To all of the above I say Amen and good night.  
 

Tuesday, December 8, 2009

Up a teak...


Monk-ie boy!

Reminds me of when we were building the house and living without  windows, doors or screens or electricity.  When the sun went down the mosquitoes feasted so we'd get under the mosquito net and stay there til morning talking about everything.  We would check one another for ticks and joked about being monkeys.   We were just married and there was a lot of things from our past to process together and many hopes to re-shape to our shared life.  We were alone without obligations to family or friends and we were sharing a big project.  It was a good environment for growing as one.  It made us think of monastic life because it was barren of the things of the world and all things familiar, and it was centered around a simple life style with a single focus - us.  We joked that we were not monkeys but monk-ies.  Still are...

Monday, December 7, 2009

More news from the pen


Hello this is Wally.
After the last batch of posts I was starting to wonder if I was concentrating too much attention on the chicken part of our farm, but folks are always asking about our chickens so here goes.

The Costa Ricana mother abandoned the last of her chicklets so we took over caring for it by bringing it in at night to sleep in a basket.  They need warmth.  Each day we'd take it out to join the rest of the flock to peck around.  One evening  it was trying to get up to the nesting perch with the rest of the chickens.  I lifted it up and put it into a nest.  We watched as it jumped up on a lower perch and scootched over to a young chicken we call "the runt".  The runt eyed it suspiciously at first but allowed the baby to snuggle up against her.  We were happy and thought it would be nice for the runt to have a companion to be with at night since she normally stayed alone on the fringe of the flock.  Later when I checked the runt had taken the chicklet under her wing in a most loving  and grown-up way.  We went to bed feeling relieved that the two had bonded. In the morning Amaranth discovered the chicklet on the ground with the runt standing guard beside it.  Amaranth brought the chicklet into the house to warm it.  I put it on my chest and talked to it trying to stimulate it from lethargy.   After a little time it raised its head peeping excitedly and then slowly settled into its final rest.  We've seen this before in other chicks we've cared for.  Someone told us that his father who had been in a coma woke up and said he was going across the street to get a piece of pie and then he died.  Makes you wonder.  Some say animals don't go to heaven.  I say why not.  There's plenty of room.

We had two other mothers hatch out more babies.  Two of them came tonight.  Amaranth went out to check on things and found them on the ground peeping.  She deposited them under their mother.  Life goes on.

We've been having a lot of rain lately which is rare for this time of the year.  We're glad for it but it postpones our plans for planting.  You learn to adjust on a farm.  All the regularly scheduled events go out the window when mother nature changes her mind.

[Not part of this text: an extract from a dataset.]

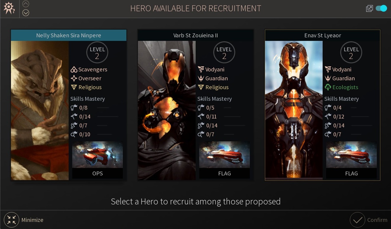 3.The Vodyani - 一個過度工業化而快滅絕的種族,透過虛擬文物得以"保存"了下來,並奉其為神。在遊戲內他們不會在星球上殖民;一切生存都在船艦上,可於任一可生存的星球上扎根或是駛離尋找下個根據地。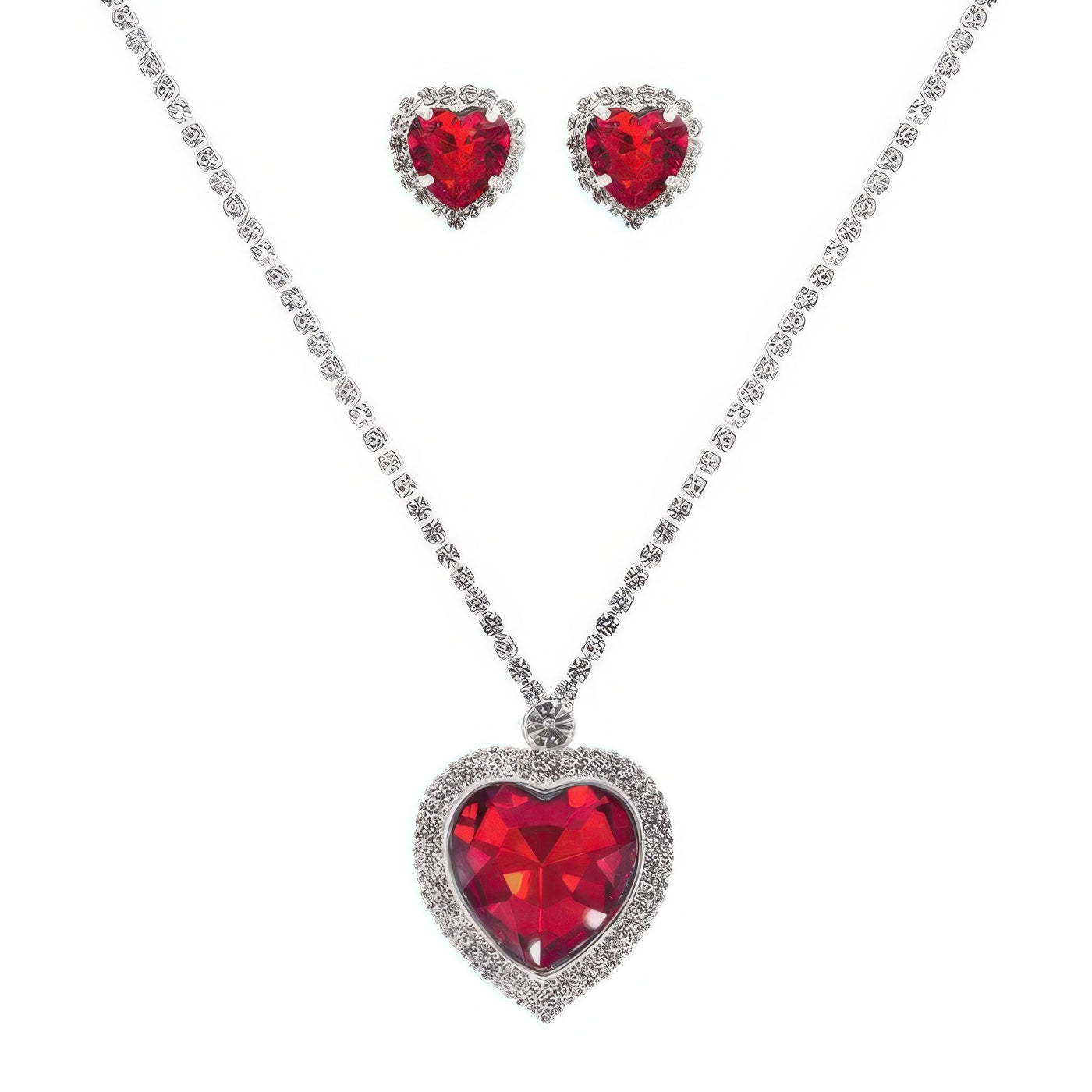 Product Description: Celebrate love in style with this Valentine's Day Heart Gemstone Necklace and Earring Set. Featuring a heart-shaped crystal pendant and matching stud earrings, this charming duo adds a touch of sparkle to any outfit. The delicate design is both feminine and festive, making it a thoughtful gift for a partner, friend, or yourself. Perfect for date nights, holiday dinners, or seasonal celebrations, this set brings timeless romance to your jewelry collection.

We've added 17 new fruit trees to our collection:   Durians, the stinky fruit which tastes heavenly, and  miracle fruits which have the magical ability to temporarily change your taste buds so that sour things are magically sweet and sweet things sweeter, also a curry leaf tree and several more varieties of mangosteens, and a brazilian cherry.  There's a world of wonderful exotic fruit trees out there.  This farm is becoming a Noah's Ark of trees - two of every fruit tree on earth!  Every time I look around and think we have no more room I find a nook or cranny just perfect for one more tree.  We've also removed a few trees in favor of diversity.
We keep a careful caring eye on everything noting the needs and making adjustments.  We are enriched by the process of husbanding just as the trees and plants are.  Plants move at a different pace than us but their response to care is so rewarding.

The vegetable gardens are coming along too.  Each year we move things and mix things around, try new varieties.  We are looking to make things better and more harmonious for all.